Question

Sweet Leaf Tea, a Texas-based maker of bottled iced tea, is a small but fast-growing firm that has gained a loyal following for its use of fresh, organic ingredients in its beverages. Although beverage industry experts recommended that Sweet Leaf replace the organic cane sugar and honey it uses with less costly high-fructose corn syrup, Sweet Leaf refused because of the company's mission to provide a high-quality, organic beverage to consumers. The 11-year-old company has 50 employees, and its products are available in 30% of the U.S. market.
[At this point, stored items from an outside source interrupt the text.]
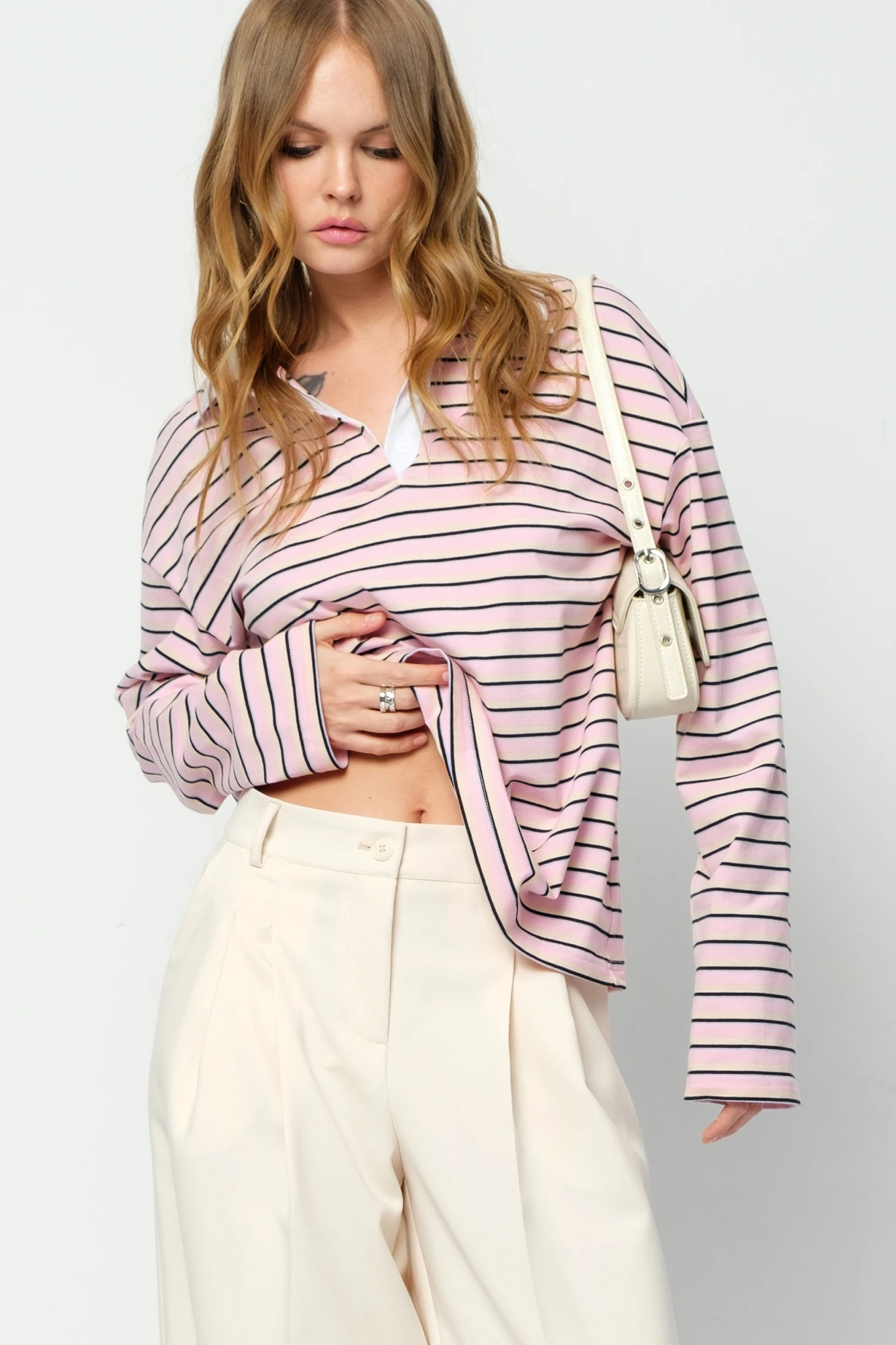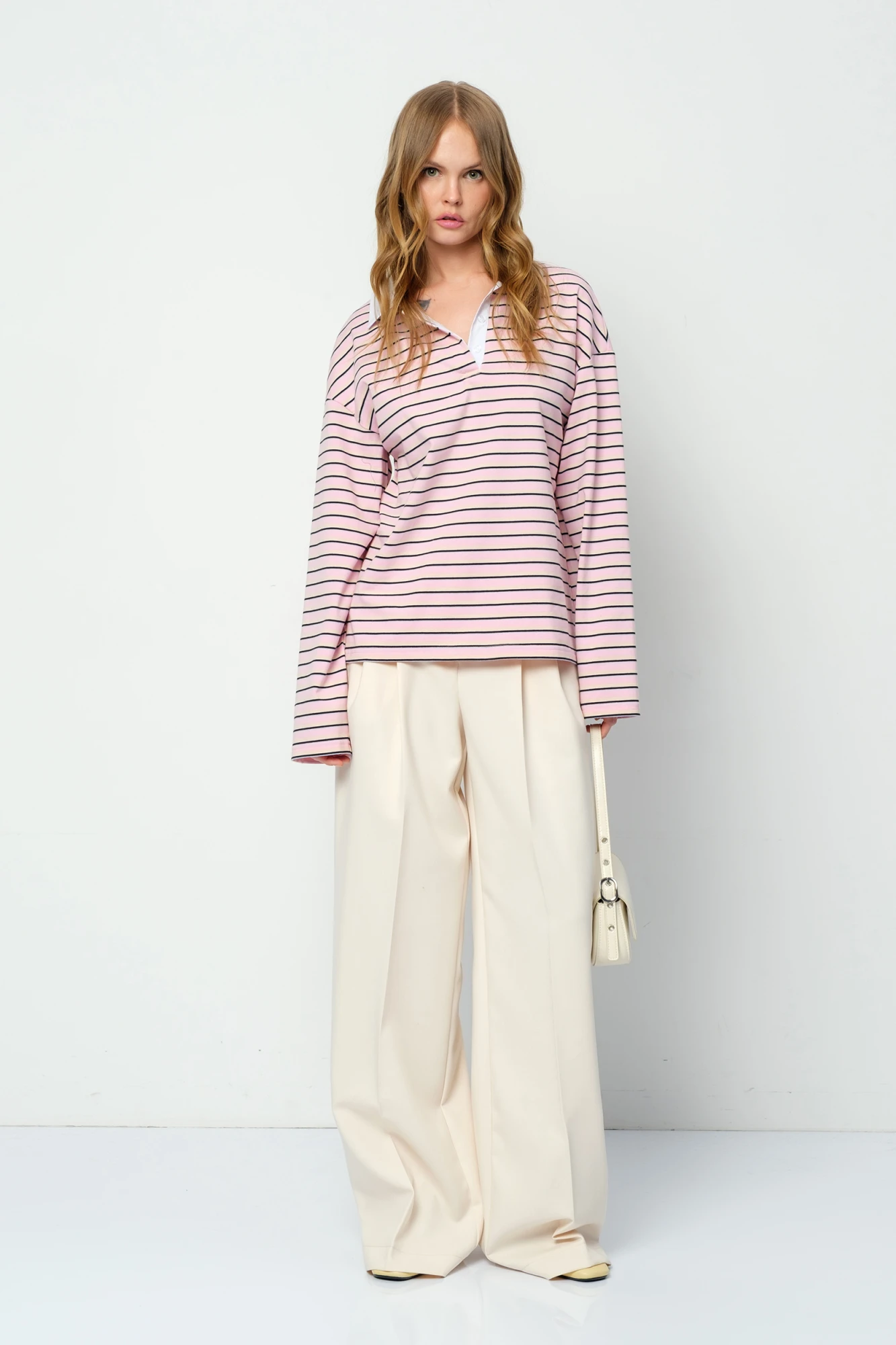 Свободный трикотажный джемпер в полоску с контрастным воротником-поло. Детали: поло прямого силуэта, спущенная линия плеча, потайная застежка на петли и пуговицы, длинные рукава воротник контрастного цвета из текстильной хлопковой ткани. Длина по спинке около 58 в размерах 40-46 и около 60 см в размерах 48-52, длина рукава+ плечо около 51,5+9 см.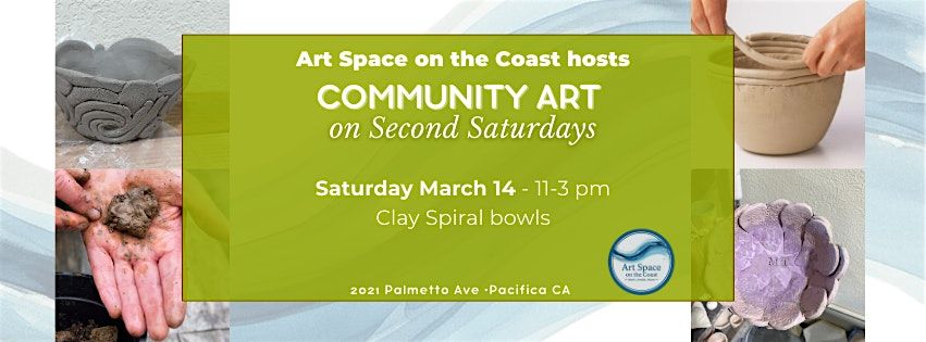 This March, Second Saturday is all about making with clay. Join us as we create spiral bowls in clay. Using coils we will shape a bowl and then smooth the inside to leave a complex texture on the outside while seeing simplicity on the inside. Art Space on the Coast will then fire the bowls to bisque and add a glaze before firing a second time. The bowls will be food safe.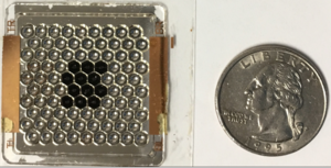 Teilweise bestückte (schwarz) Konzentrator-Solarzelle.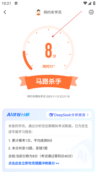 4、答题完成后,可查看考试成绩、用时及试卷分析,了解学习情况。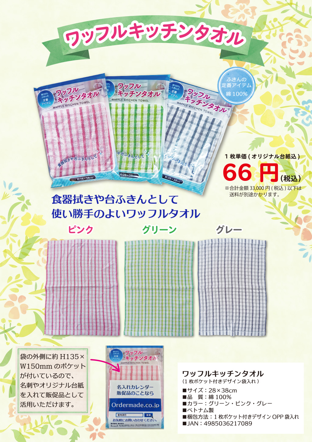 天然素材の綿100%を使用。独特の凹凸があるワッフル織りは、吸水性と速乾性に優れており、食器拭きや台ふきんとして毎日の家事で大活躍します。袋の外側に、約H135×W150mmの大型ポケットを装備。名刺はもちろん、オリジナルのメッセージカードやクーポン、ショップカードを封入することで、受け取った瞬間に御社のブランドを強く印象付けます。展示会の粗品や、新年のご挨拶、引っ越しのご挨拶など、どんなシーンでも外さない定番アイテムです。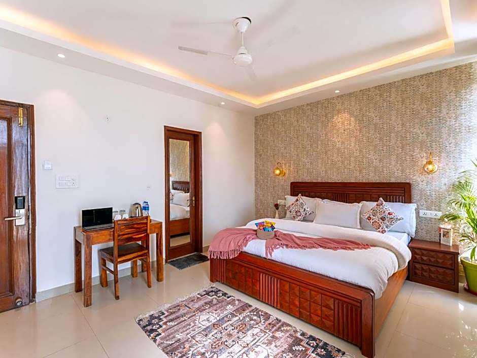 This room has a comfortable queen size bed, an private bathroom, air conditioning, an authentic wooden sofa, huge wardrobes, rich wooden flooring, proper ventilation, uninterrupted free internet 24X7, multiple international charging points, exquisite bed lamps, cloth hangers, kettle, mirrors, tea & coffee table.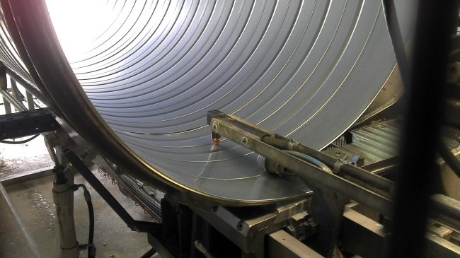 MACHINE DE DECOUPAGE PLASMA Machine de débit et de découpe d’ouverture dans les tubes cylindriques Positionneur élevable sur chemin de roulement Ø maxi : 650 mm Longueur de poutre 14 m, pour 12 m utile Glissière verticale d’ajustement : 600 mm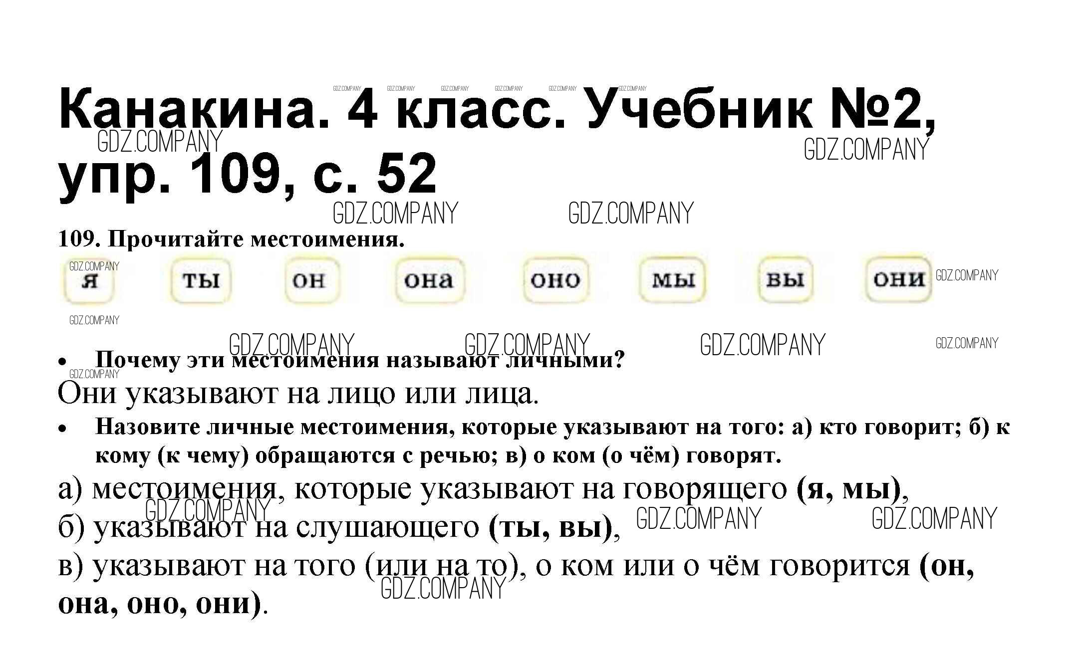 Здесь готовые ответы по Русскому языку за 4 (четвертый) класс от Канакина, Горецкий Учебник Школа России (издательство: Просвещение от 2015 г.) № 109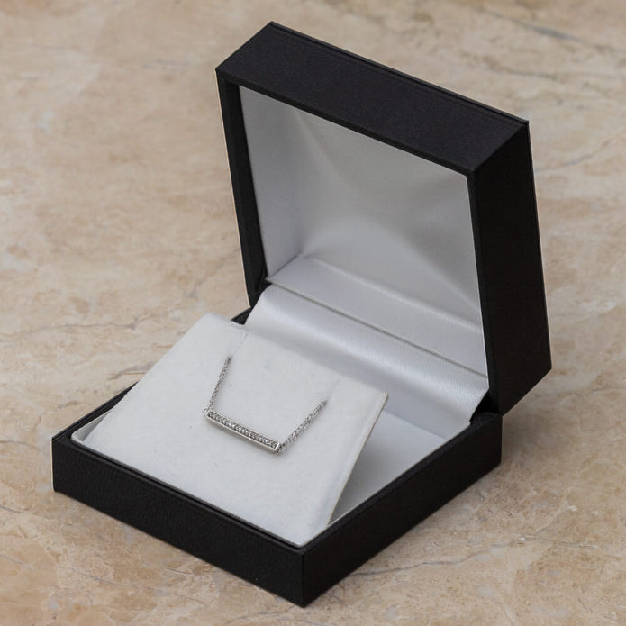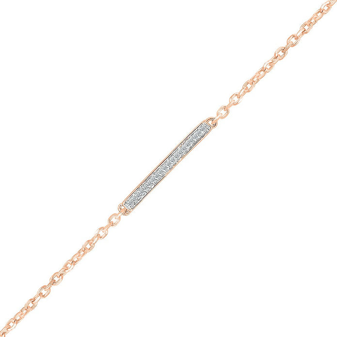 Set the bar higher with this diamond bracelet. This unique diamond jewelry features a beautifully crafted row of diamonds that are linked by a chain rope. A great minimalist look for any occasion, this diamond bar bracelet will become a classic in no time. Available in sterling silver or gold.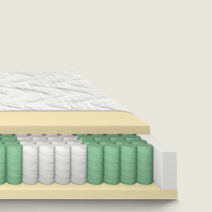 Le sospensioni a molla forniscono un sostegno delicato ma molto efficace, pensato punto per punto per una grande adattabilità. La loro forma le rende sensibili e adattive, non si sovrappongono e rimangono indipendenti, regalando un sonno senza rumori. Ogni molla è rivestita in tessuto e ad ogni movimento equilibra il clima del materasso.

Sweet Leaf Tea recently received multimillion dollar investments which will enable the business to expand its national presence.
Which of the following, if true, would best support the argument that Sweet Leaf Tea should implement a corporate-level strategy of concentration?
A) Sweet Leaf Tea can expand its customer base and reduce costs by selling its products directly at Sweet Leaf stores.
B) Sweet Leaf Tea can develop a national name by adding new product lines, such as organic snack foods and organic coffee.
C) Sweet Leaf Tea's marketing research indicates that customers would purchase the organic beverages more frequently if the prices were lower.
D) Sweet Leaf Tea can achieve growth by aggressively selling its beverages in current markets where loyal customers will help boost word-of-mouth.